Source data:
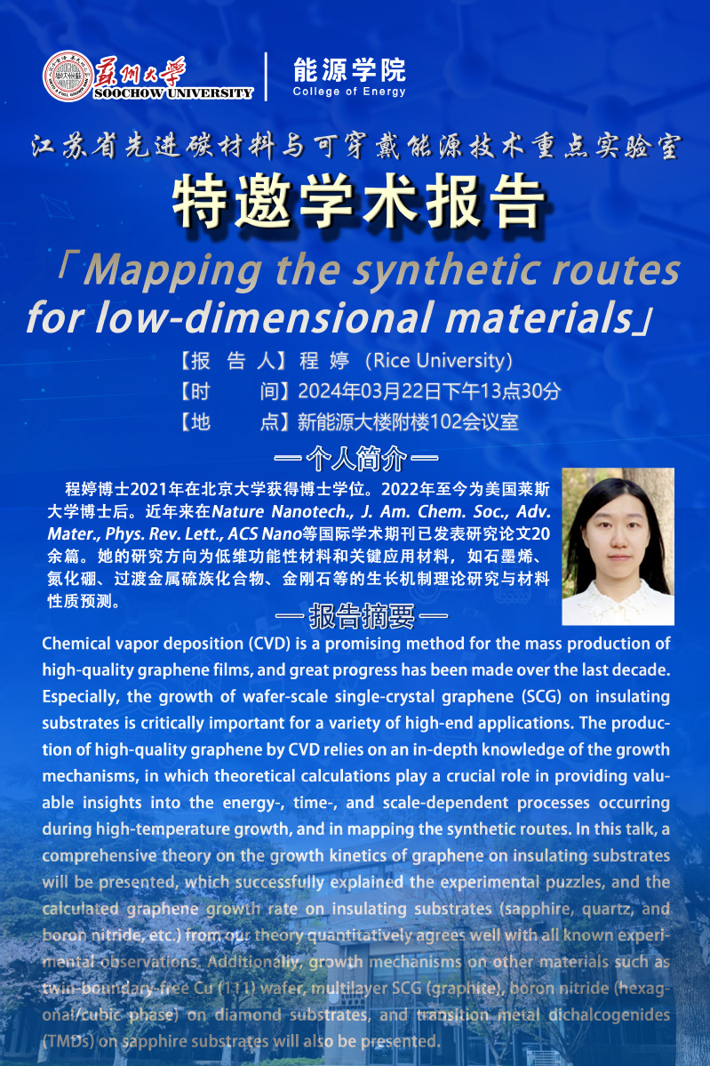 江苏省先进碳材料与可穿戴能源技术重点实验室 2024年特邀学术报告
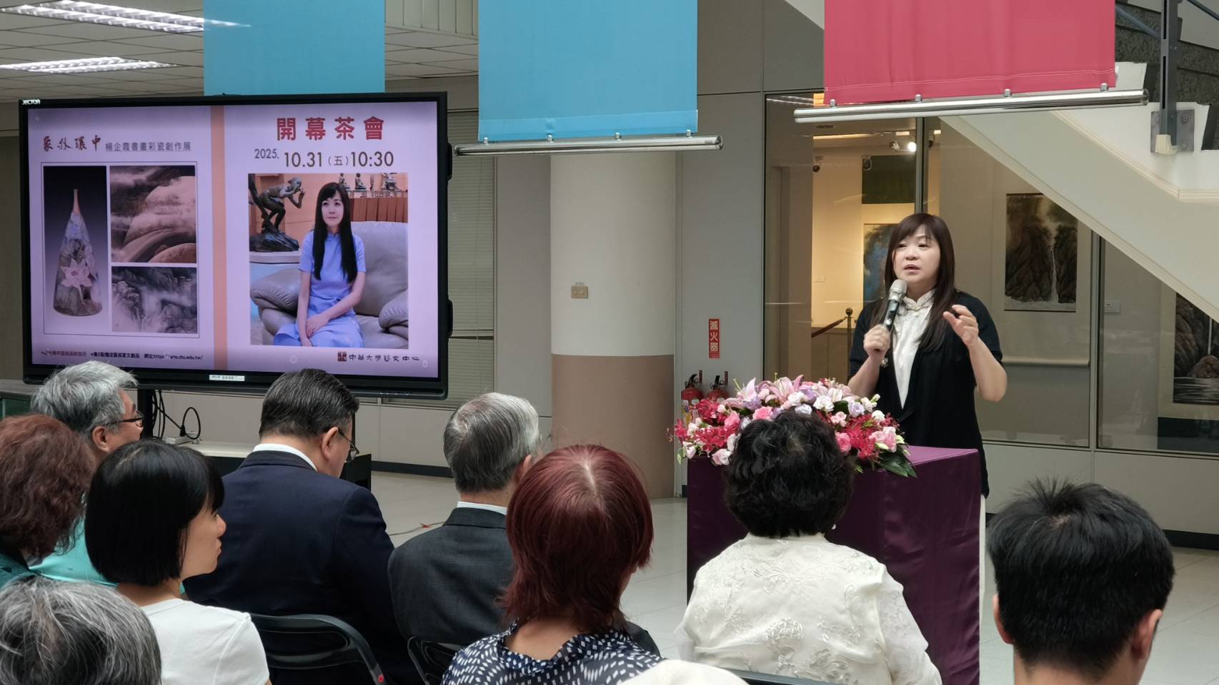 中華大學校長劉維琪致詞時表示,校內藝文中心成立二十餘年,長期致力推動人文與美學教育,期望在科技與商業專業之外,讓學生在藝術的滋養中獲得心靈平衡與文化涵養。劉校長也肯定楊企霞老師在書畫與彩瓷創作領域的深厚造詣,展現出東方美學精神的現代延伸。
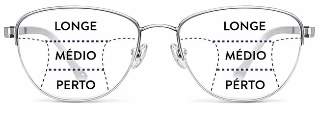 As lentes progressivas possuem três zonas principais:
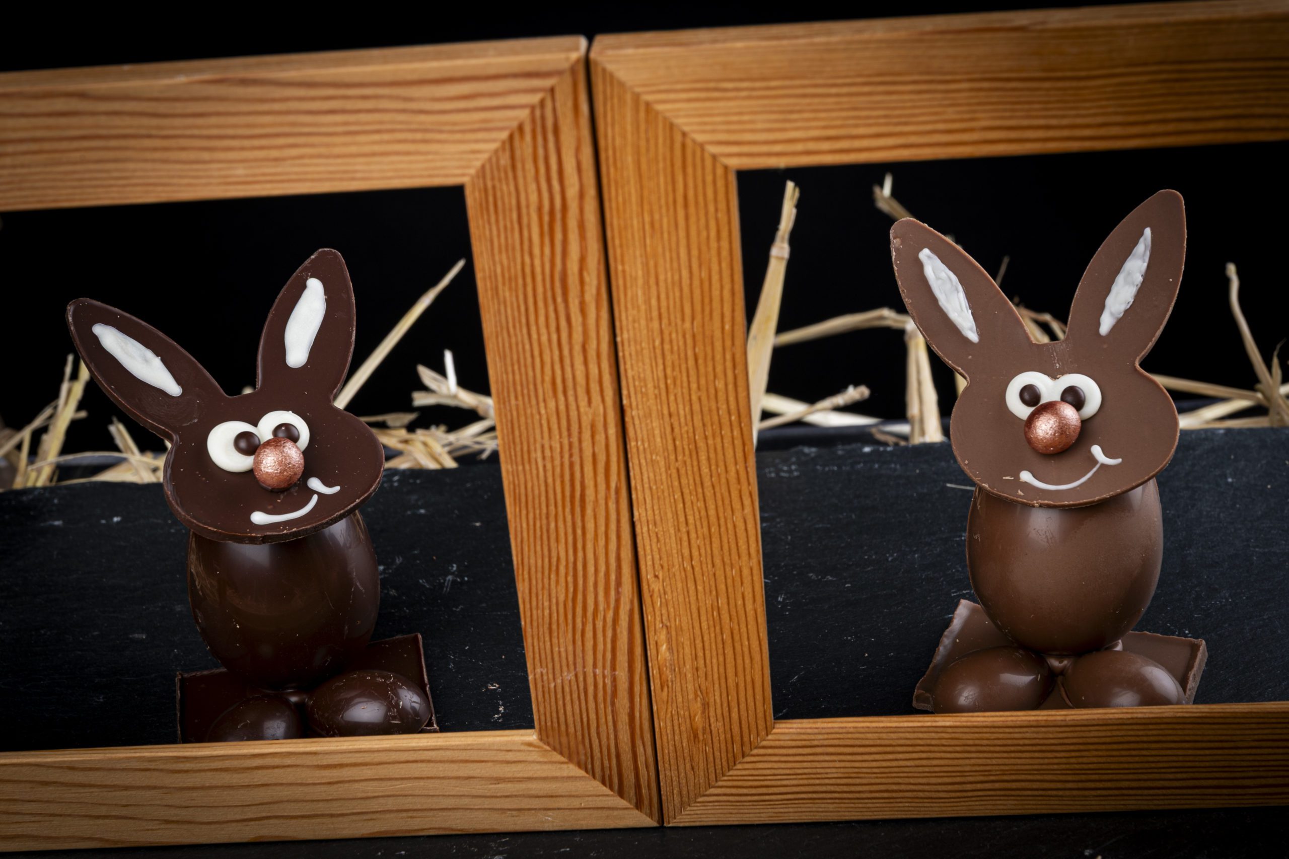 Que serait Pâques sans lapins en chocolat ? Retrouvez les photos de mes pièces en chocolat, toutes faites à la main.
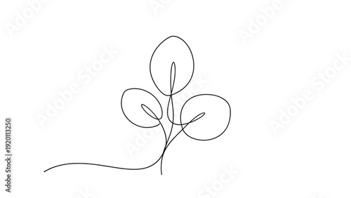 Minimalist continuous line drawing of a plant with three round leaves for simple nature inspired wall art and organic logo design.
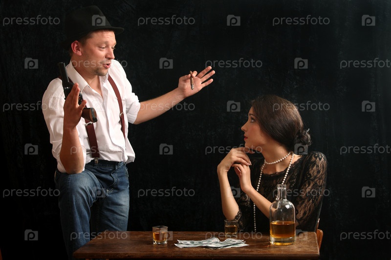 Мужчина-гангстер разговаривает с красивой женщиной в баре
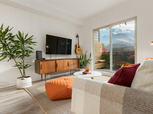 Jaw dropping views of Mt. Currie from this immaculate 1.5 bedroom condominium in one of Pemberton’s most desirable buildings. This bright, south-facing home offers a functional layout with a sleek, modern aesthetic. Enjoy the spacious private deck, perfect for relaxing or entertaining. Quality craftsmanship is evident throughout featuring high ceilings, large windows, and thoughtful design details. The Elements provides underground parking, a welcoming lobby, elevator, and ample storage. Conveniently located in the heart of Pemberton, just steps to all stores and amenities and only 25 minutes to Whistler.
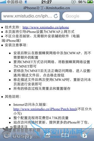 打开Safari 输入以下网址:w w w .xmistudio.c n/iphone/patch. htm l(去掉空格)
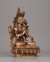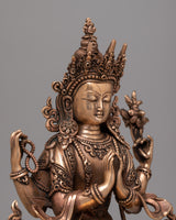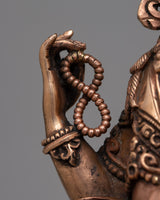 In the Buddhist tradition, the Statue of Chenrezig, also called Avalokiteshvara, is revered as a source of kindness and knowledge. This statue is carefully handcrafted on a copper body, a material selected for its durability and spiritual importance, with regard and attention to detail. The 24cm-tall monument, which personifies Chenrezig's divine attributes, invites followers to engage with the infinite wisdom and compassion he stands for.
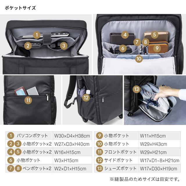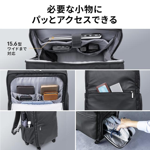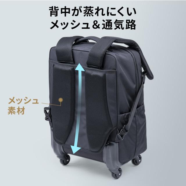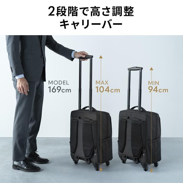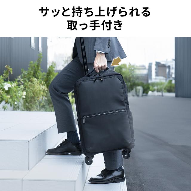 キャリーリュック キャリーバッグ 4輪 容量35L 2WAY ビジネスリュック 機内持ち込み スーツケース 撥水 トロリー 2泊3日 旅行 出張 防災 ブラック[200-BAGCR013BK]
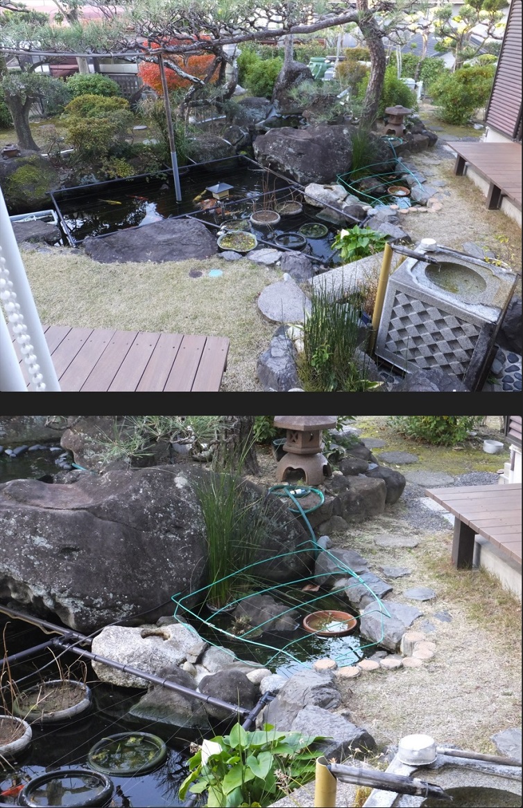ビオトープの緑色の網のカバーをテグスに変えてみました。

Exercise requirements: All records above must be output exactly as they stand, excluding pictures.

Exercise answer:
 江苏省先进碳材料与可穿戴能源技术重点实验室 2024年特邀学术报告
 中華大學校長劉維琪致詞時表示,校內藝文中心成立二十餘年,長期致力推動人文與美學教育,期望在科技與商業專業之外,讓學生在藝術的滋養中獲得心靈平衡與文化涵養。劉校長也肯定楊企霞老師在書畫與彩瓷創作領域的深厚造詣,展現出東方美學精神的現代延伸。
 As lentes progressivas possuem três zonas principais:
 Que serait Pâques sans lapins en chocolat ? Retrouvez les photos de mes pièces en chocolat, toutes faites à la main.
 Minimalist continuous line drawing of a plant with three round leaves for simple nature inspired wall art and organic logo design.
 Мужчина-гангстер разговаривает с красивой женщиной в баре
 Jaw dropping views of Mt. Currie from this immaculate 1.5 bedroom condominium in one of Pemberton’s most desirable buildings. This bright, south-facing home offers a functional layout with a sleek, modern aesthetic. Enjoy the spacious private deck, perfect for relaxing or entertaining. Quality craftsmanship is evident throughout featuring high ceilings, large windows, and thoughtful design details. The Elements provides underground parking, a welcoming lobby, elevator, and ample storage. Conveniently located in the heart of Pemberton, just steps to all stores and amenities and only 25 minutes to Whistler.
 打开Safari 输入以下网址:w w w .xmistudio.c n/iphone/patch. htm l(去掉空格)
 In the Buddhist tradition, the Statue of Chenrezig, also called Avalokiteshvara, is revered as a source of kindness and knowledge. This statue is carefully handcrafted on a copper body, a material selected for its durability and spiritual importance, with regard and attention to detail. The 24cm-tall monument, which personifies Chenrezig's divine attributes, invites followers to engage with the infinite wisdom and compassion he stands for.
 キャリーリュック キャリーバッグ 4輪 容量35L 2WAY ビジネスリュック 機内持ち込み スーツケース 撥水 トロリー 2泊3日 旅行 出張 防災 ブラック[200-BAGCR013BK]
ビオトープの緑色の網のカバーをテグスに変えてみました。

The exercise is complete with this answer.